_PROBLEM DESCRIPTION_: Set down exactly the lines of the listing below, please, beginning with the first and ending with the line that holds "Een vrolijke zwart-wit".

_EXTRACTED INFORMATION_:

-=-=-=-=-

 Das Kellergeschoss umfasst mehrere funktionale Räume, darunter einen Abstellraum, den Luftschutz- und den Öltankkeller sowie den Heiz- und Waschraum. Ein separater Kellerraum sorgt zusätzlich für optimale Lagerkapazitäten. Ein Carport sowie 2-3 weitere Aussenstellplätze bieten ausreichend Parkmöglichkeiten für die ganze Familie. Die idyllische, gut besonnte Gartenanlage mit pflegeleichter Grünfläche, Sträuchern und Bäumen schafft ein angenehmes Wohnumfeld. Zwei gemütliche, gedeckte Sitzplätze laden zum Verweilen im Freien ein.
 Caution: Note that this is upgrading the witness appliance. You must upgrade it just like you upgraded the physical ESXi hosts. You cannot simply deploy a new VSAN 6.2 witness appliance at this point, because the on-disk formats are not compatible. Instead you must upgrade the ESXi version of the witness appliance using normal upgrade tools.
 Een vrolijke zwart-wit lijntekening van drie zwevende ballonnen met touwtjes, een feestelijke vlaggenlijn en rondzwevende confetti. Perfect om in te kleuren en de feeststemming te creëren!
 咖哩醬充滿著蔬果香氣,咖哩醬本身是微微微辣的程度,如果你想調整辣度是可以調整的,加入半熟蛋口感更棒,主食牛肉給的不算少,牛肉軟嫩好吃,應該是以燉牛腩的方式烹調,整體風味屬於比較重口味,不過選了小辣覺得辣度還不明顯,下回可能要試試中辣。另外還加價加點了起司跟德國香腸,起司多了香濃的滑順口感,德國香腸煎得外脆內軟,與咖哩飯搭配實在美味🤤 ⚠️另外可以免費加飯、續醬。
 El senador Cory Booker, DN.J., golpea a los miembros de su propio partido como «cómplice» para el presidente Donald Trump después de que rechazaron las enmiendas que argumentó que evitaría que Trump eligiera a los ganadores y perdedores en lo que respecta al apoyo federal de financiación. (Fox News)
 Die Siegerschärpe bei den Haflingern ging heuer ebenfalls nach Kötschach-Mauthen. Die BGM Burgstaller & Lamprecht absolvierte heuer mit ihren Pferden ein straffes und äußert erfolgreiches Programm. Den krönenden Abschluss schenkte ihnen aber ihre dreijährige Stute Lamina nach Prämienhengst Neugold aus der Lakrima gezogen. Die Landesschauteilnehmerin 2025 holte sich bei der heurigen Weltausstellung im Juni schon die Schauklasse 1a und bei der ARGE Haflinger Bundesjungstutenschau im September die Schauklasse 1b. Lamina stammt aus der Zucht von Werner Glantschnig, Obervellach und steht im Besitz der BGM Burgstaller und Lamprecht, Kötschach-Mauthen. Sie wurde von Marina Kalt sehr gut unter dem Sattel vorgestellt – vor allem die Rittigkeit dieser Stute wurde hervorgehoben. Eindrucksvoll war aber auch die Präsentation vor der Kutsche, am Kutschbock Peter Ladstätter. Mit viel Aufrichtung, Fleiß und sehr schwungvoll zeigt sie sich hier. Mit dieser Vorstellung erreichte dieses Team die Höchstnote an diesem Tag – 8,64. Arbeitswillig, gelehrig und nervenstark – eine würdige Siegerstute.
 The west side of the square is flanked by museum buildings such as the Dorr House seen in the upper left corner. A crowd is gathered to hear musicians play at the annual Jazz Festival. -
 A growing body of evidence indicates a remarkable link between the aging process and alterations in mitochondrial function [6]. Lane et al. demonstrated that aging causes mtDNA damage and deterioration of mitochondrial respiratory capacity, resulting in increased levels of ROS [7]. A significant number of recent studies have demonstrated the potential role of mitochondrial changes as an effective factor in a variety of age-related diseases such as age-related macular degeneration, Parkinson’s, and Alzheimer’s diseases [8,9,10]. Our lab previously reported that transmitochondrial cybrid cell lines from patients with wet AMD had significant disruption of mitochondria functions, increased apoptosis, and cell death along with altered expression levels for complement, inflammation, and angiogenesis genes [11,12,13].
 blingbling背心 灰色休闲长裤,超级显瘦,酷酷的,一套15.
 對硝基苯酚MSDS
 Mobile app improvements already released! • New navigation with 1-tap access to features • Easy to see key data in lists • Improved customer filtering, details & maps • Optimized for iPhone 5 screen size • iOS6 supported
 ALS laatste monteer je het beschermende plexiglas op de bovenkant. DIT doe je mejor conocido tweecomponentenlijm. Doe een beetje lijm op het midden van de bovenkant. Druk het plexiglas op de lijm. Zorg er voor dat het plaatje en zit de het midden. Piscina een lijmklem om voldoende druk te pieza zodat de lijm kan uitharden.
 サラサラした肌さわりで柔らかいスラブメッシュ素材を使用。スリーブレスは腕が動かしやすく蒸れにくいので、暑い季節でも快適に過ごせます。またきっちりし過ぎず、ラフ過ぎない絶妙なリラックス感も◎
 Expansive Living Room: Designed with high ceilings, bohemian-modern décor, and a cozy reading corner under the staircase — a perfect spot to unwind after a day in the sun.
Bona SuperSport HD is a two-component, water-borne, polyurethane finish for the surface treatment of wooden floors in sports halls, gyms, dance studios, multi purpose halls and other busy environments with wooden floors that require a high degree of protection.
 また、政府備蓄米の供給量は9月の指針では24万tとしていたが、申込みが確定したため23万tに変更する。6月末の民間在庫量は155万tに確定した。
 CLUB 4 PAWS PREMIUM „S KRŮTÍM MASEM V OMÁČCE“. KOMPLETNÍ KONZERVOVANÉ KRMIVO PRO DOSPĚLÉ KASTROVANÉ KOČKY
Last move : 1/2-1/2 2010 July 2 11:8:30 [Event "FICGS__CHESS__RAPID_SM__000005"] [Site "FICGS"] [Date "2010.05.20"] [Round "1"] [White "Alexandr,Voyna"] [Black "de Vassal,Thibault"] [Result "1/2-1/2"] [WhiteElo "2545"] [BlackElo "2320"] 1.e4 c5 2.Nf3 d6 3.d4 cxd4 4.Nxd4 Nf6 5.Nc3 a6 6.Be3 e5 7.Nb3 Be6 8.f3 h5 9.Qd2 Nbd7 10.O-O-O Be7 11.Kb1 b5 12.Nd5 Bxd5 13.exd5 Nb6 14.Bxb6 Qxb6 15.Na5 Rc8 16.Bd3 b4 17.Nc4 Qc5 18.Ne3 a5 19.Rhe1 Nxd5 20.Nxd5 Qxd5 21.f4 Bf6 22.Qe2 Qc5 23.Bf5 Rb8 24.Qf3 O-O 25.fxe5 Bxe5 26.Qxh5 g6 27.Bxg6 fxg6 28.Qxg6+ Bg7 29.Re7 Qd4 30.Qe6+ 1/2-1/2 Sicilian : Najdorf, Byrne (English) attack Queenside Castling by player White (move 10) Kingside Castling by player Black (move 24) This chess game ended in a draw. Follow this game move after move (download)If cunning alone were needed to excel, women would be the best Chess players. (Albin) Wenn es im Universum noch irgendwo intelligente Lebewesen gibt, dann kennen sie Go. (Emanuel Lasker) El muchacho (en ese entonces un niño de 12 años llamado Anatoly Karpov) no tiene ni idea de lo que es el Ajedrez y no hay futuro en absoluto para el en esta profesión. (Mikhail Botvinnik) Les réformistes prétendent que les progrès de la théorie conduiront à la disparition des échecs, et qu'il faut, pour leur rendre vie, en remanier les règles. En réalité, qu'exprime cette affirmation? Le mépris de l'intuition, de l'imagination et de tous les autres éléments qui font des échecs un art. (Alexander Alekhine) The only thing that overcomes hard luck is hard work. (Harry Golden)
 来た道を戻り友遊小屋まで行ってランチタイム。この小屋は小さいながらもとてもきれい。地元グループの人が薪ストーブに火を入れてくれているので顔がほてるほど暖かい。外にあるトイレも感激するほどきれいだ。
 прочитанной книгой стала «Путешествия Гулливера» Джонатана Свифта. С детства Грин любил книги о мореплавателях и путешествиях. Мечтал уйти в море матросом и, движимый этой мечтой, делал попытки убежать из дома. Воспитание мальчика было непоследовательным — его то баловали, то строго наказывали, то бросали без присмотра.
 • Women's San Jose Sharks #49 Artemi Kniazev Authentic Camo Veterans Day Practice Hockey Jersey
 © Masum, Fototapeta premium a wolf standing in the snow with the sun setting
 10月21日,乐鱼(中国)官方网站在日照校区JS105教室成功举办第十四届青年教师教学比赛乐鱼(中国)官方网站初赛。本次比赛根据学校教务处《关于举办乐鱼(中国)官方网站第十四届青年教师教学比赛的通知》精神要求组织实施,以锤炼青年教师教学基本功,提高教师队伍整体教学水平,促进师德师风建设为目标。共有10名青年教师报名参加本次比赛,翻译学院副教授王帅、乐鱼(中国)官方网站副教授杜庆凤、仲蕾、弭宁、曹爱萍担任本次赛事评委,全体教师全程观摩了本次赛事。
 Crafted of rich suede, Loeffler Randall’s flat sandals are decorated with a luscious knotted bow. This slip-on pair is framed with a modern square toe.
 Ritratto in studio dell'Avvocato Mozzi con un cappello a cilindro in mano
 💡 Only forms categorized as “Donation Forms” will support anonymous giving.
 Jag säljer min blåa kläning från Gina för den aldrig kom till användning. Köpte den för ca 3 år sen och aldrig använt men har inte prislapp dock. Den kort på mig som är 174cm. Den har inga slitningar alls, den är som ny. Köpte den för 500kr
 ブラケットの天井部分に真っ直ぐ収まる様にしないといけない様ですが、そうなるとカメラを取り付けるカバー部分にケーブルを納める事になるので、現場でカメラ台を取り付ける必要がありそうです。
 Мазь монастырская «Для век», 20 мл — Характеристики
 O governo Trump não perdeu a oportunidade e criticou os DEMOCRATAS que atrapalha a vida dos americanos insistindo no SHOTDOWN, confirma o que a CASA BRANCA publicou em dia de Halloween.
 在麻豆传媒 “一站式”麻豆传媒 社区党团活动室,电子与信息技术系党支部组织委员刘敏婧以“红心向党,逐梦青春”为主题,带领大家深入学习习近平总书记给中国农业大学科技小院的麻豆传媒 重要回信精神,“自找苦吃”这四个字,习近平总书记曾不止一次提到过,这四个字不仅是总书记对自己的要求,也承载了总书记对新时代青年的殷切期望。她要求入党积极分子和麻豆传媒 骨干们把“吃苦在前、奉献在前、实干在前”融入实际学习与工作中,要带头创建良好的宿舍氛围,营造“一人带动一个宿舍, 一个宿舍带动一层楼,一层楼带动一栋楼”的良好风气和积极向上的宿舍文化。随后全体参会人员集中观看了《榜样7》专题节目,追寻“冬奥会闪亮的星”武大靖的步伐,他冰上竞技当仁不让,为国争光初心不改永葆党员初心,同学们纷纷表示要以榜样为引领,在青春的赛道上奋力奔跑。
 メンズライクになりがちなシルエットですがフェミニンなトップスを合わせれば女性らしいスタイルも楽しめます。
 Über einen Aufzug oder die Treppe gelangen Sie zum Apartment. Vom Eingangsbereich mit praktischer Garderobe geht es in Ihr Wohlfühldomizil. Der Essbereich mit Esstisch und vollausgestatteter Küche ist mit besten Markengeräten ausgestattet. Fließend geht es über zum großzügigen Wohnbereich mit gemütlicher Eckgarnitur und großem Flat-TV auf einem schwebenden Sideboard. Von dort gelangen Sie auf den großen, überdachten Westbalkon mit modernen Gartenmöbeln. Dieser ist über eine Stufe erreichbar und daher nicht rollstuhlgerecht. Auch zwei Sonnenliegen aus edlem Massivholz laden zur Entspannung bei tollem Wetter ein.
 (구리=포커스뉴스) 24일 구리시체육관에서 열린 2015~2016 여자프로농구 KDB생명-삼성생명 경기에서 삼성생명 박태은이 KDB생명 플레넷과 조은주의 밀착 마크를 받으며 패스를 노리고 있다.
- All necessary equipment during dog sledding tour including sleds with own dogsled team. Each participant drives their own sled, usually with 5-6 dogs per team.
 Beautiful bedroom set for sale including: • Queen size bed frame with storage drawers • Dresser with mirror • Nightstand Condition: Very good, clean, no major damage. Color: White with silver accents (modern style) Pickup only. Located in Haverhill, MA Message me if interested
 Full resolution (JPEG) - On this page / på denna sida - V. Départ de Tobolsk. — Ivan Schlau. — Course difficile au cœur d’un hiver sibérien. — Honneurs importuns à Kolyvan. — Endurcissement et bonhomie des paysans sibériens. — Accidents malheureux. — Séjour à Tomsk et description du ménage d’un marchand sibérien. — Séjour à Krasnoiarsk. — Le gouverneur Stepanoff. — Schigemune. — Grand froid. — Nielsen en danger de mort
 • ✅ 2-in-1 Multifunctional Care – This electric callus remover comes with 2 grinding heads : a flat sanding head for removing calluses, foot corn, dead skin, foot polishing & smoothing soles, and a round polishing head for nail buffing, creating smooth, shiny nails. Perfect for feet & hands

-=-=-=-=-

_REPLY_:
 Das Kellergeschoss umfasst mehrere funktionale Räume, darunter einen Abstellraum, den Luftschutz- und den Öltankkeller sowie den Heiz- und Waschraum. Ein separater Kellerraum sorgt zusätzlich für optimale Lagerkapazitäten. Ein Carport sowie 2-3 weitere Aussenstellplätze bieten ausreichend Parkmöglichkeiten für die ganze Familie. Die idyllische, gut besonnte Gartenanlage mit pflegeleichter Grünfläche, Sträuchern und Bäumen schafft ein angenehmes Wohnumfeld. Zwei gemütliche, gedeckte Sitzplätze laden zum Verweilen im Freien ein.
 Caution: Note that this is upgrading the witness appliance. You must upgrade it just like you upgraded the physical ESXi hosts. You cannot simply deploy a new VSAN 6.2 witness appliance at this point, because the on-disk formats are not compatible. Instead you must upgrade the ESXi version of the witness appliance using normal upgrade tools.
 Een vrolijke zwart-wit lijntekening van drie zwevende ballonnen met touwtjes, een feestelijke vlaggenlijn en rondzwevende confetti. Perfect om in te kleuren en de feeststemming te creëren!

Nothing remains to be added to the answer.